Joining us with their calculators are NPR national political correspondent Mara Liasson and political editor Ken Rudin. Good morning.

MARA LIASSON: Good morning, Renee.

KEN RUDIN: Good morning, Renee.

MONTAGNE: Okay. Calculators in hand, Mara, let's start with you. Now Romney's endorsement is one that really counts for something because it actually comes with delegates, right?

LIASSON: It could count for 280 more of them actually. He, Romney, has asked all of his delegates who are not barred by state party rules to swing their support to John McCain, who now has 843 delegates. He needs 1191, so he's pretty close. Now the day before, McCain got the endorsement of the entire House of Representatives Republican Leadership. So he really is consolidating the support of the establishment of the Republican Party. Of course, he's still working on building support and enthusiasm among the rank-and-file conservative Republican voters.

MONTAGNE: But turning to you, Ken, the race, officially at least, is continuing; Mike Huckabee is staying in.

RUDIN: Well, as he should, and actually Ron Paul, the Congressman from Texas is there too. Social conservatives have made it clear that they have reservations about John McCain, and I think before John McCain could start wooing the Democrats and the Independents he needs to win the fall, he has to have the party united behind him and I think if nothing else, the Mike Huckabee challenge in the upcoming primaries gives McCain the opportunity to make that case to the conservatives.

MONTAGNE: And on the Democratic side, Barack Obama has a winning streak going, but the delegate count is so close it looks as if neither of those candidates based on the number of delegates won will actually have enough for the nomination. So what are we talking here, superdelegates?

RUDIN: Well, I guess, you know, that that's what a lot of political junkies would love to see, a deadlock convention, but a lot of Democrats are nervous about that. And these superdelegates, there is 796 of them. These are the party-elected - party elected officials who can vote for whoever candidate they prefer without the depended - regardless of how the states went in the primaries and they can decide who the frontrunner is and who has the momentum.

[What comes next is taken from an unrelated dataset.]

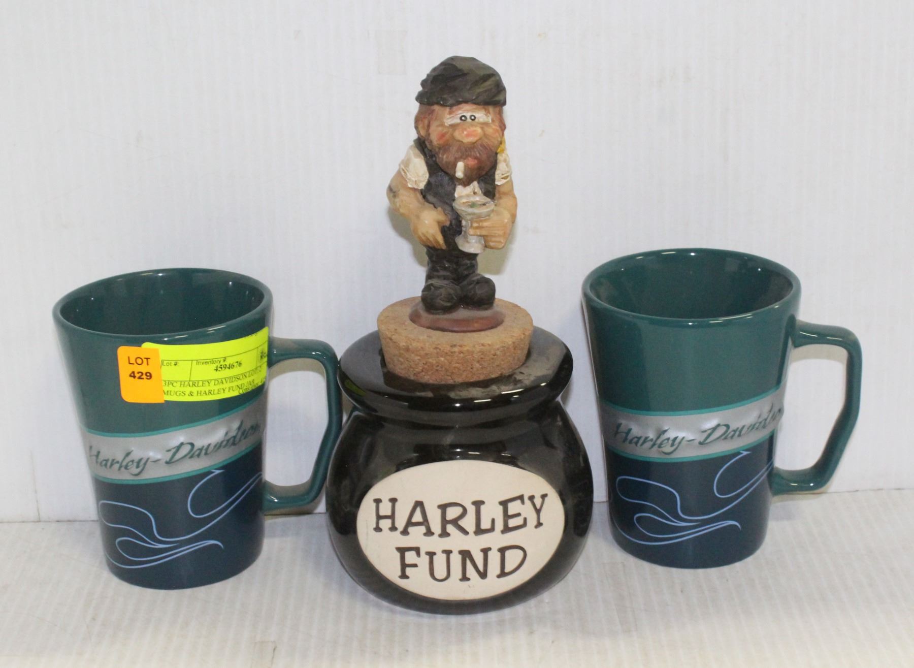 3PC HARLEY DAVIDSON LOT; 2 MUGS & HARLEY FUND JAR
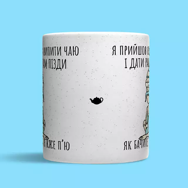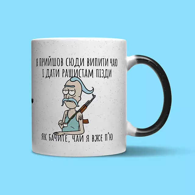 Керамічна кружка хамелеон – це те що змусить вас посміхатися вашій каві кожного ранку! Для виготовлення своїх кружок ми використовуємо справді товсту кераміку, що запобігає опікам на ваших руцях поки ви насолоджуєтеся улюбленим напоєм. Окремої уваги варті блискітки, які немов зорі на небі будуть відігравати разом з малюнком на чашці, який з’являється при нагріванні. Якщо ви шукаєте подарунок для своєї другої половинки або вам просто потрібно щось, що підніме вам настрій о п’ятій ранку під час зборів на роботу – Чайнику Рассела є що вам запропонувати! Головне про кружку: • Матеріал - кераміка; • Спосіб нанесення напису - сублімація; • Об'єм - 320 мл; • Призначення - для чаю, кави, води або інших напоїв; УВАГА! Ми не рекомендуємо мити кружку в посудомийній машині та нагрівати у мікрохвильовці, щоб не пошкодити принт.

John Lewis, a Congressman from Georgia, is an early supporter of Hillary Clinton. He indicated yesterday that he could be amenable to switching to Obama. And of course, if that starts to happen, if there was a wave going the other way, that could decide the Democratic nomination.

MONTAGNE: And Mara, Clinton is still looking though at major states like Ohio and Texas next month to get her back in the thick of things and really working hard to make that happen.

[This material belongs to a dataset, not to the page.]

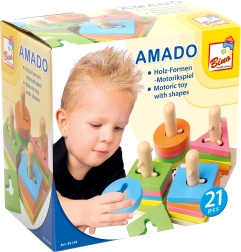 Šī kvalitatīvā koka vēršanas spēle piedāvā 21 krāsainu gabaliņu un stabilu pamatni ar tapām. Pateicoties gudri veidotām atverēm un stabiņiem, bērni vingrina formu pārošanu, krāsu atpazīšanu un telpisko uztveri. Kompaktie izmēri 15 × 11,5 × 15 cm nodrošina ērtu glabāšanu un spēlēšanos uz galda vai paklāja.

LIASSON: Oh yeah. These are two big states, lots of delegates, they've got the kinds of voters that have been reliable for her in the past. A lot of Latino voters in Texas, could be up to 40 percent of the Democratic primary there. In Ohio, you've got working class, white voters, older white women, she still has leads in the polls in both states, but she's got to not just win both of those states, but she has to win them by big enough margins to get enough delegates to get back into the lead. And the big question for those states is will Barack Obama continue to make the inroads into those demographic groups that have been good for Clinton that he started to do on Tuesday in the Potomac Primaries. So that's what we're looking for.

MONTAGNE: Right. That's because with the Democrats the delegates are split, and so she can actually win the states and not really take over the line.

LIASSON: That's right. If she doesn't win by a big enough margin, she might not get the delegates she needs to vault back into the lead and to stop what Ken was talking about, the superdelegates from starting to surge in his direction.

MONTAGNE: And Ken?

RUDIN: Well, yeah, exactly. Right now if you look at the numbers that they have - Obama and Clinton have about 1200 each despite the fact that Obama's on a winning streak, it's actually a clear, but strong battle for the nomination and we will see what happens on March 4th.

MONTAGNE: Well, thanks both of you. We'll be talking to you soon enough. Mara Liasson, political correspondent, Political Editor Ken Rudin, and with Ken Rudin you can read his political junkie column at npr.org.